1.
Introduction
2.
Problem statement
3.
Approach 1: Brute force
3.1.
Code in C++
3.2.
Complexity Analysis
4.
Approach 2: Binary Search
4.1.
Code in C++
4.2.
Complexity Analysis
5.
Approach 3: Efficient
5.1.
Code in C++
5.2.
Complexity Analysis
6.
6.1.
What is a Binary search?
6.2.
What is the use of Binary search?
7.
Conclusion
Last Updated: Mar 27, 2024
Medium

# Row with the Maximum Number of 1’s

## Introduction

Today we will be dealing with an important topic of data structure, i.e., Matrix. Make sure you have enough idea about the traversal of the matrix for this problem.

Let's move to the problem statement for more clarity of what problem is about.

## Problem statement

Given a binary matrix/2D array, i.e., all the matrix elements are either 0 or 1, where each row is in sorted order.

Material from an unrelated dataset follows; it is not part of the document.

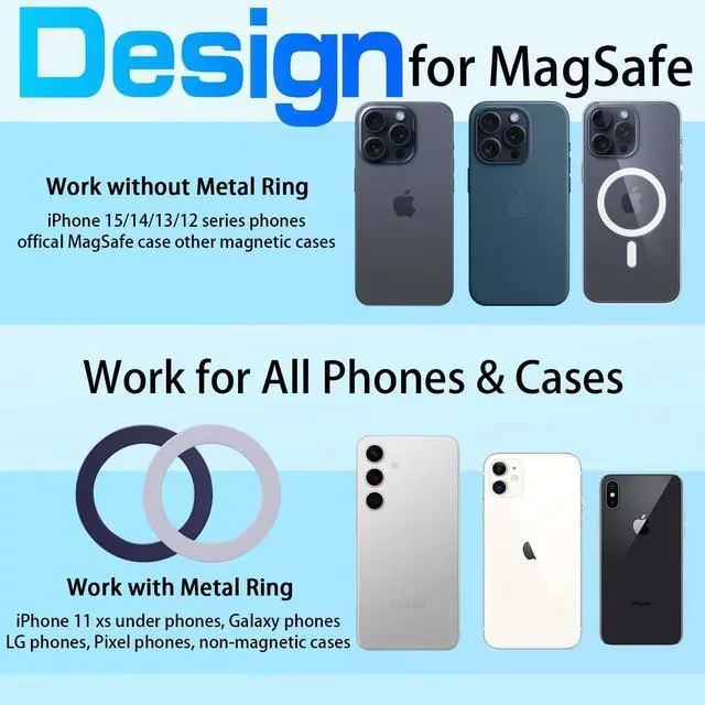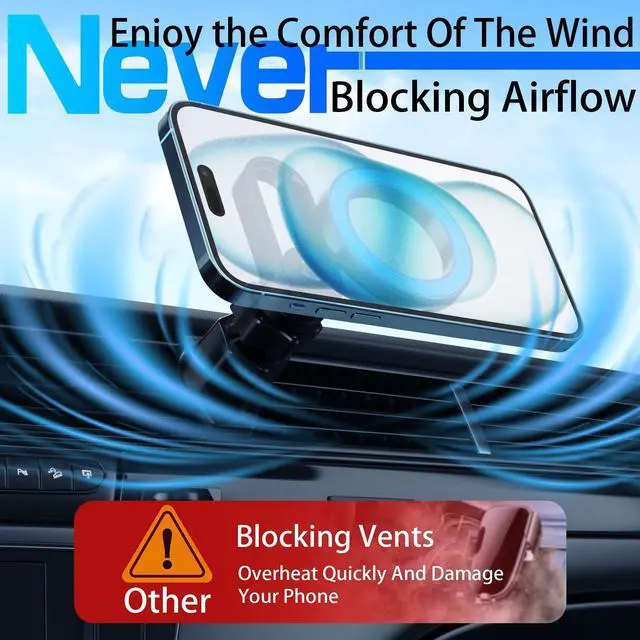 [20 Upgraded Magnets] 2025 Upgraded Magnet Layout - 38.7% Power Boost! This car mount for Mag safe built-in 20 upgraded N52 super magnets, which can easily hold items up to 4.4 lbs. Super powerful magnets ensure a firm hold on your cell phones. Never afraid of falling off even braking strongly, taking sharp turns or driving on rough roads. A practical Mag Safe accessory, car accessories for women and men

Find the row with the maximum number of 1’s.

Examples:

Input: matrix[4][4] ={ {0, 0, 0, 1},

{1, 1, 1, 1},     // maximum number of 1’s is in this row

{0, 1, 1, 1},

{0, 0, 0, 0}};

Output: 1 (0-based indexing)

Input: matrix[5][4] ={ {0, 0, 0, 1},

{0, 0, 0, 1},

{0, 1, 1, 1},   // maximum number of 1’s is in this row

{0, 0, 1, 1},

{0, 0, 1, 1}};

Output: 2 (0-based indexing)

The above problem statement means we have to find the index of the row having the maximum number of 1’s.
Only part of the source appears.